Recorded information:
BEGIN

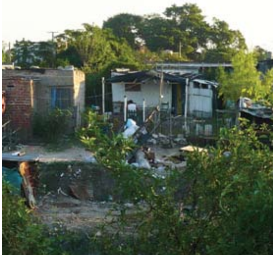
Áreas vulnerables y de difícil accesibilidad ▲

proyección de las soluciones de infraestructura básica, vivienda, sistemas viales y saneamiento ambiental. Los instrumentos básicos a utilizar serán los planes directores urbanos y el proceso de microlocalización de inversiones.
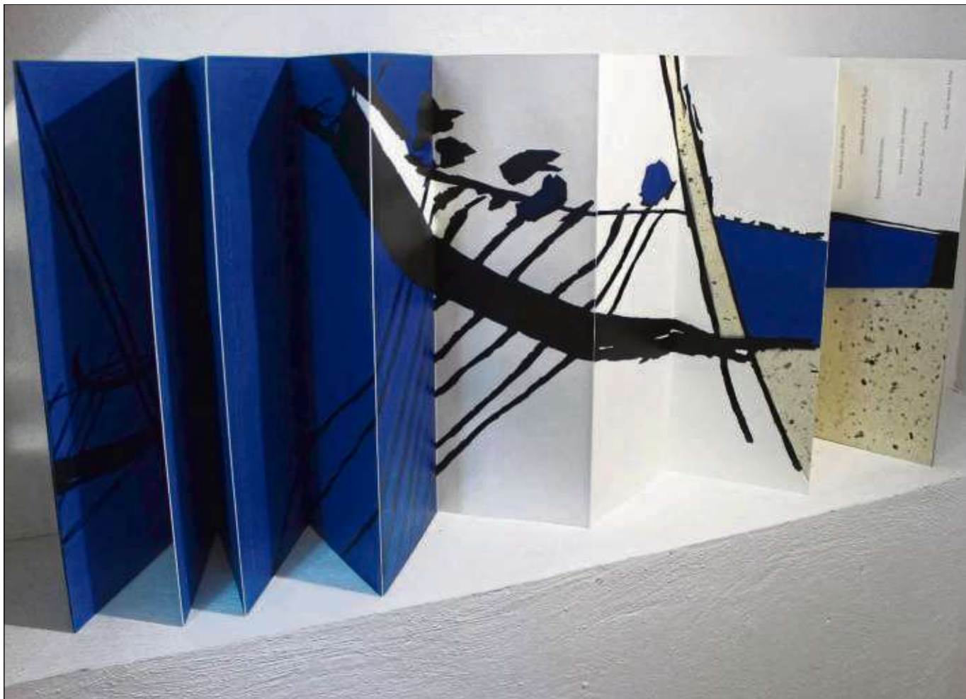
Mit einer Lesung aus dem finnischen Nationalepos „Kalevala“ lädt das Kunstforum Seligenstadt zu einer Reise in die Mythen- und Sagenwelt Finnlands ein. Sie findet am Sonntag, 18. März, um 16 Uhr in der Galerie des Kunstforums in der Frankfurter Straße 13 im Rahmen der Ausstellung „Flügelnd im Liederwind“ statt. Das aus zahlreichen Überlieferungen der finnischen Mythologie zusammengestellte und 1835 veröffentlichte Epos erzählt von den Abenteuern und Taten der großen finnischen Helden. Die Ausstellung dauert noch bis zum 2. April. Öffnungszeiten: Jeweils Freitag, Samstag, Sonntag und feiertags von 15 bis 18 Uhr und nach Absprache: ☎ 06182 924451.

END

Work request: The data above should be restated exactly, with its images dropped.

Your response:
Áreas vulnerables y de difícil accesibilidad ▲

proyección de las soluciones de infraestructura básica, vivienda, sistemas viales y saneamiento ambiental. Los instrumentos básicos a utilizar serán los planes directores urbanos y el proceso de microlocalización de inversiones.
Mit einer Lesung aus dem finnischen Nationalepos „Kalevala“ lädt das Kunstforum Seligenstadt zu einer Reise in die Mythen- und Sagenwelt Finnlands ein. Sie findet am Sonntag, 18. März, um 16 Uhr in der Galerie des Kunstforums in der Frankfurter Straße 13 im Rahmen der Ausstellung „Flügelnd im Liederwind“ statt. Das aus zahlreichen Überlieferungen der finnischen Mythologie zusammengestellte und 1835 veröffentlichte Epos erzählt von den Abenteuern und Taten der großen finnischen Helden. Die Ausstellung dauert noch bis zum 2. April. Öffnungszeiten: Jeweils Freitag, Samstag, Sonntag und feiertags von 15 bis 18 Uhr und nach Absprache: ☎ 06182 924451.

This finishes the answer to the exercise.